I’m having trouble with Google Sheets scripting and need some help. I’m working with the onEdit trigger but noticed it has a weird behavior. When someone clicks on a cell to edit it and then enters the exact same value that was already there, the onEdit event doesn’t fire at all. This is causing issues in my script because I need to track when cells are being actively edited, even if the final value doesn’t change. Is there a way to capture these editing sessions where users open a cell for editing but don’t actually modify the content? Maybe there’s a different event or workaround I should be using instead?
i faced this too, it’s a pain! onEdit won’t help for same values, but ya maybe try onSelectionChange with a setTimeout to check if any edits were made after a few ms. it’s not perfect but can help track edits better!

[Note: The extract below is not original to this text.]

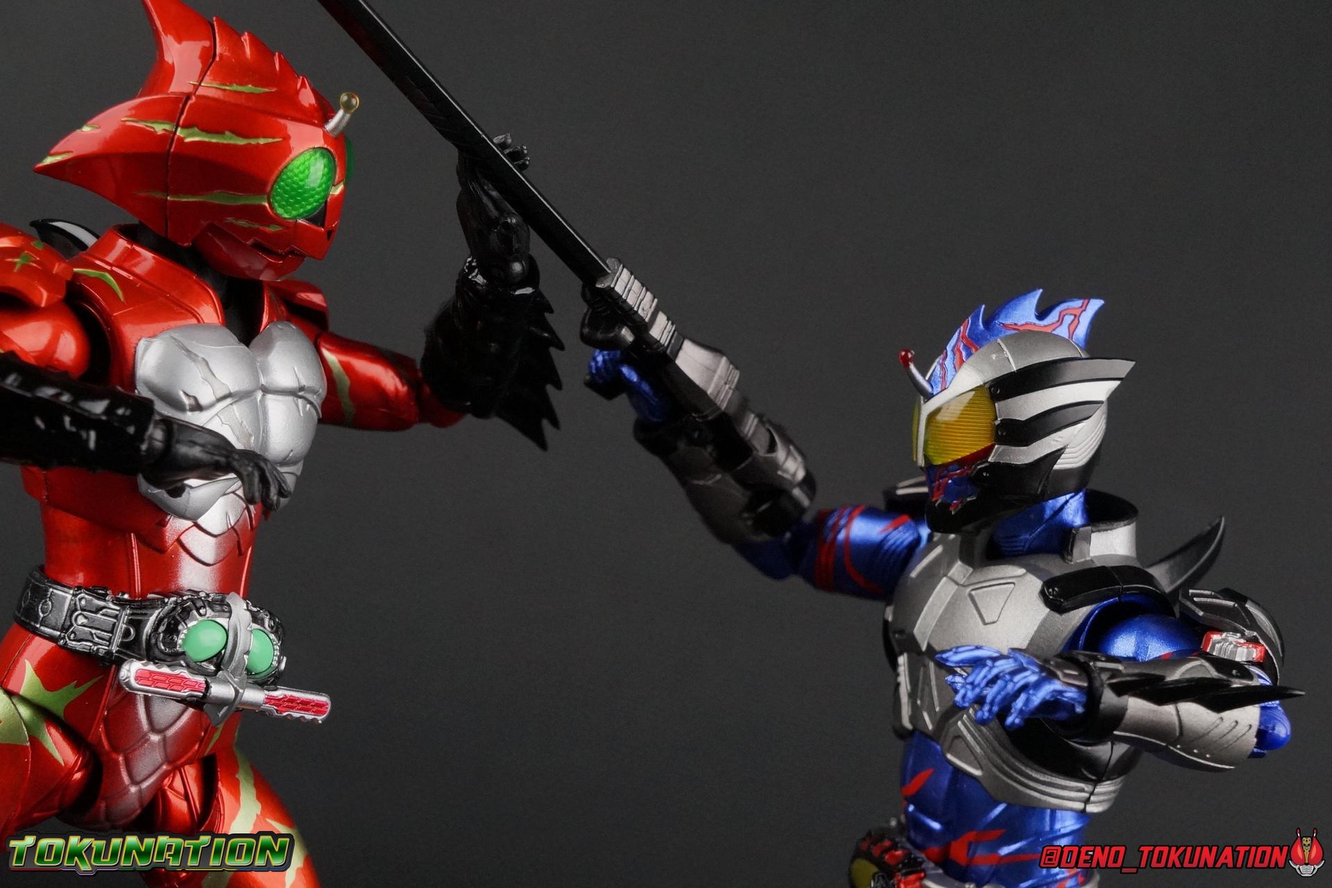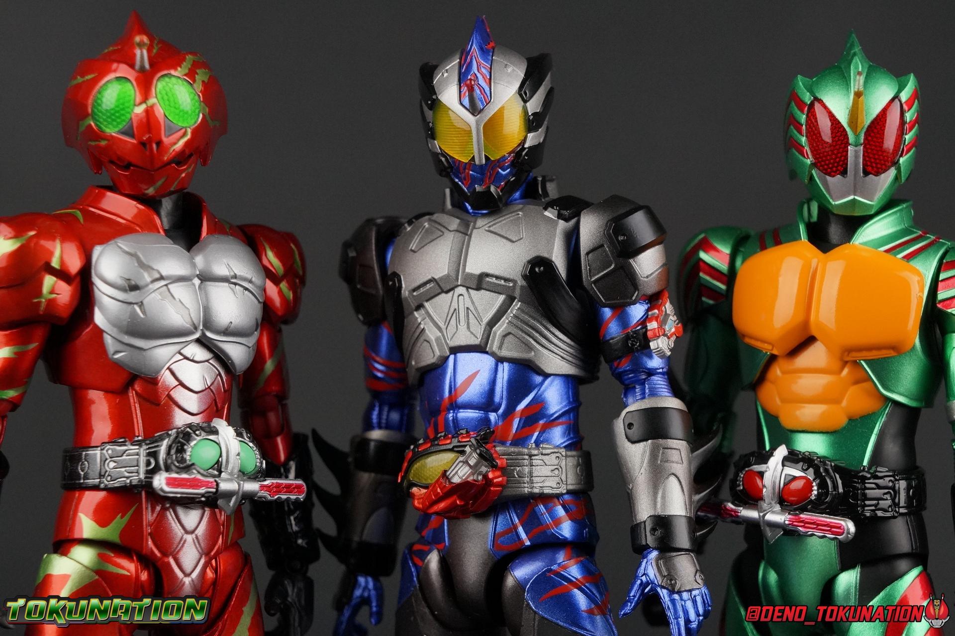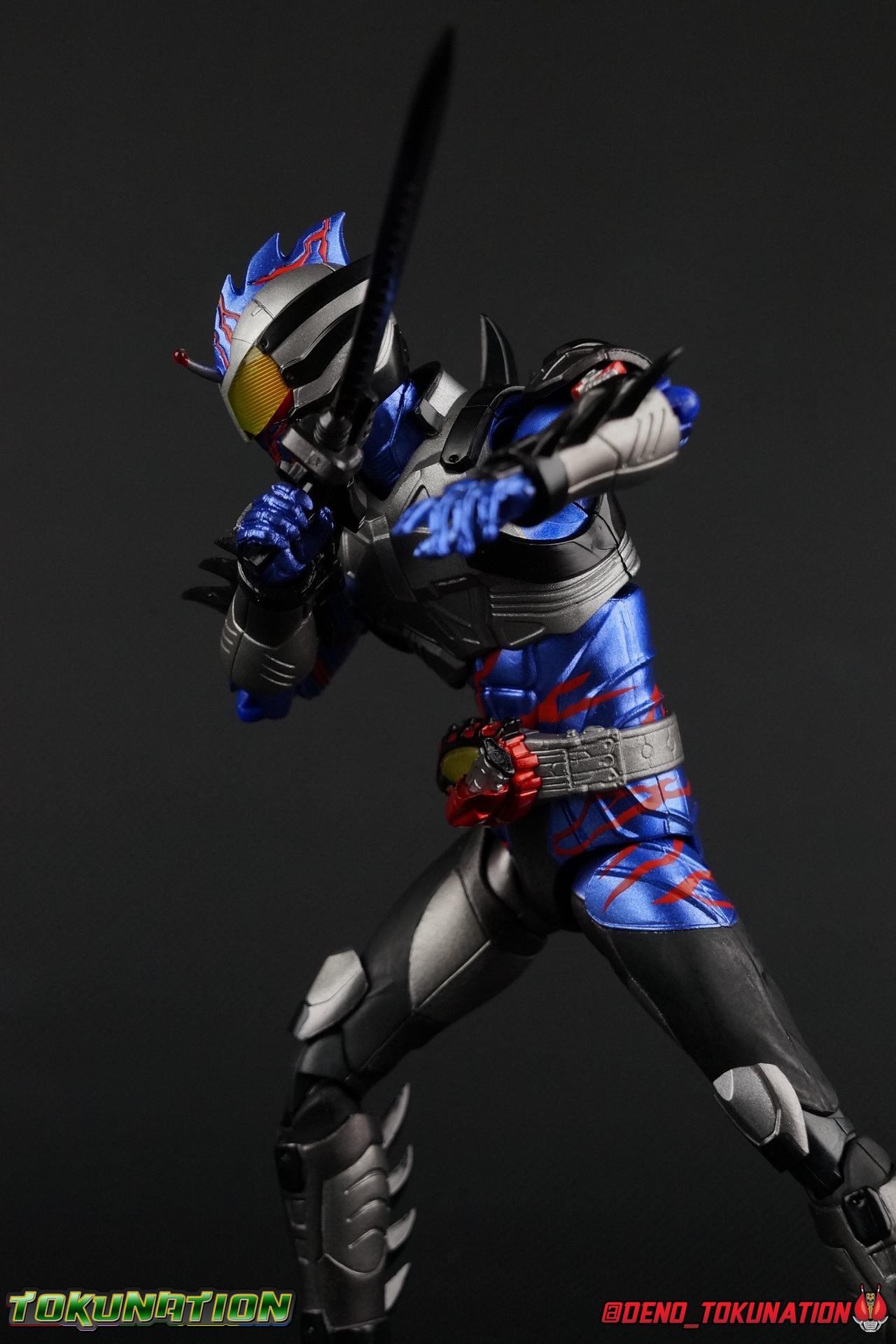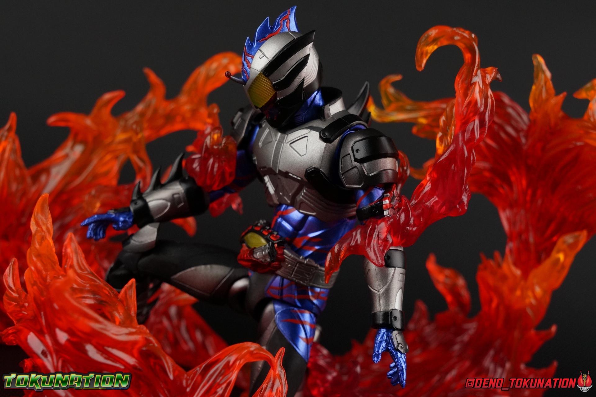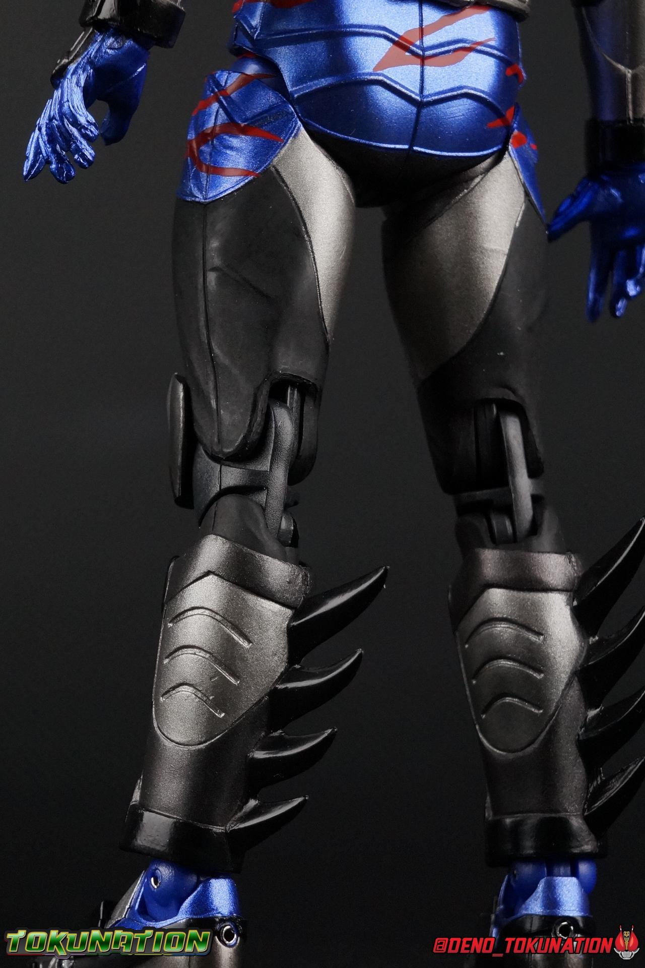It took Chihiro most of his life to discover what he truly was, an Amazon. But not just any, he was the son of Jin Takayam, Amazon Alpha. He was also the Point of Origin for an entirely new generation of Amazons, the source of their Lysogenic Cells. A threat to all of humanity and other Amazons, Chihiro wanted to do the right thing, he also wanted to live as close to a normal life as possible with Iyu. But fate wouldn't allow that. Ultimately, Chihiro came to blows with his long lost father Jin as well as Amazon Omega Haruka Mizusawa. While it would seem the fates wouldn't allow Chihiro to live his days in peace, or even as the hero he thought he wanted to be, he at least went out a fighter standing his ground against the odds. Today we take a look at the first figuart based on this chaotic & torn character, S.H. Figuarts Kamen Rider Amazon Neo (Amazon JP Edition)! Packaging As with the previously released Amazon Japan Exclusive versions of Amazon Alpha, Amazon Omega, and even the original Showa Amazon, Neo comes in a brown corrugated style cardboard box that mimics an Amazon shipper. This box is also a bit larger than the standard retail release of Neo thanks to the included recolored flame effects. The nature of this material makes the stock photos quite hard to see, but I still like the gimmick of the packaging itself. Main Figures I want to preface this by saying I was not initially sold on this figuart. I just didn't wow me in official photos the same way the first Alpha & Omega figures did. Neo's design in show is great, but the colors were always washed out by the filter. But I'm happy to report that in figure form, Neo is exquisite. The metallic blue paint on the body seriously pops and the red accent lines are just the perfect shade of blood red. The matte gray and metallic silver parts are great compliments to one another as well. The paint work is really just fantastic on this figure. Now how functionality? Well, again, based on the official images I didn't expect much out of Neo. Both Alpha & Omega had things in their design that really bugged me. Things that neutered a bit of their articulation. And despite his bulky armored nature, Neo is a really free moving and well balanced figure. The ankles are unobstructed so you can get nice solid balance from them. Their forward motion is limited only by the bottom of the shin armor, but not terribly so. The knees are really perfect. Unlike with Omega where the leg fins limited the legs to 90 degree angles, Neo is free to move. Now I've never been a fan of the "old style" of drop down hips. I wasn't particularly excited for them with this figure because of how they break up the blue on the suit. But honestly they work really well here and don't detract from the figure nearly as much as I'd assumed they would. At the waist we have an exquisite sculpt and paint hob for the new Neo Amazons Driver. The compound eye on it is just gorgeous, it's my favorite part. I am disappointed that the Amazons Injector isn't removable or functional but that's a minor gripe. Now Neo's core body is way better than I'd anticipated. The upper body is engineered in such a way that it allows you to arch the back up and lean him forward for really savage and animal like poses, though it does expose a gap on his back side when done. The arms are free of most obstruction thanks to some great shoulder pad design, swivel biceps, and rotating forearm guards. My only real gripe with the arms is that the fist pegs are a little tight, and the left arm which features the Neo Amazons Register has difficulty keep a flame effect on because of said Register. My favorite part of the figure by far is the head. I always thought Neo's design was super interesting. As with all Amazons he's an organic creature, but his rider form encases him in technological armor. And if you seen the series it certainly plays into the inner demon part of his character. Suffice it to say the head communicates this better than any part of the figure as we can see his blood red compound eyes peeking out from behind the yellow visor, as well his jaw line. He looks like a caged beast, appropriately. I honestly can't get over how much better this figure is than I'd been expecting. It's just great all around. Accessories Neo comes with most everything in his repertoire: 2 - sets of extra hands. A bit on the lite side unfortunately. The included pairs give you two types of open hands, one set that looks a little more savage given Chihiro's nature. I am surprised not to see any "holding" hands for a future bike release or anything else. Most likely when Neo's Jungraider inevitably is released it will include the necessary hands. 1 - Amazon Injector. These seringe like items are used by Chihiro, and later Haruka, to activate their Neo Amazons Drivers. The one in the Driver is not removeable, and this accessory doesn't really serve much purpose to be perfectly honest. There isn't even a hand included that can hold it. 1 - Right Arm with Amazon Neo Blade. Rather than include the blade as a separate accessory that attaches to the arm itself, forgoing the difficulty of putting the grip in his hand. This forearm is actually pretty easy to replace and I appreciate this option rather than just a separate accessory. 1 - Set of Red Flame Effects. This set is a recolor of the popular Tamashii Flame Effects tailor made for Amazon Neo. Amazon JP versions of Alpha & Omega also included sets of flames. Alpha's were also red but with a white tint to them whereas Neo's have more of a pink tinge. Amazon Sigam as a Tamashii Web Exclusive also included flames colored purple. Not too shabby. These Amazon JP editions always please me because of the flames effects.I would have liked more hands, but the biggest miss here is that there is no Neo Hook included. It's a minor weapon compared to the blade, but I'd like to think it will be included with any extra hands, whenever Neo's Jungraider comes along. The same happened with

Yeah, this is a frustrating Google Sheets limitation that drives developers crazy. The onEdit trigger only fires when data actually changes - not when someone just clicks into a cell to edit. I’ve dealt with this before. Here’s what works: combine the onSelectionChange trigger with timestamp logging. When someone selects a cell, log the timestamp and cell reference. Then use a delayed function to check if they actually edited anything within a few seconds. Another trick I’ve used - create a custom menu or sidebar that users click before editing. It’s clunky, but it captures their editing intent whether they change values or not. Not elegant solutions, but they work when you need to track editing activity instead of just value changes.
Google Sheets doesn’t have a native trigger for detecting when someone edits a cell but doesn’t actually change the value. The onEdit trigger only fires when content actually changes, which makes sense for performance reasons. I ran into this same problem on a project where I needed to log all user interactions. My workaround was using Google Apps Script’s HTML service to create a custom interface that captures click events on cells. Then, I had it communicate with the script through google.script.run. This way, I could track when users clicked into cells whether they changed anything or not. I also tried using the onSelectionChange trigger with timestamp tracking; it captures selection attempts but is not perfect. It might work for what you need, though.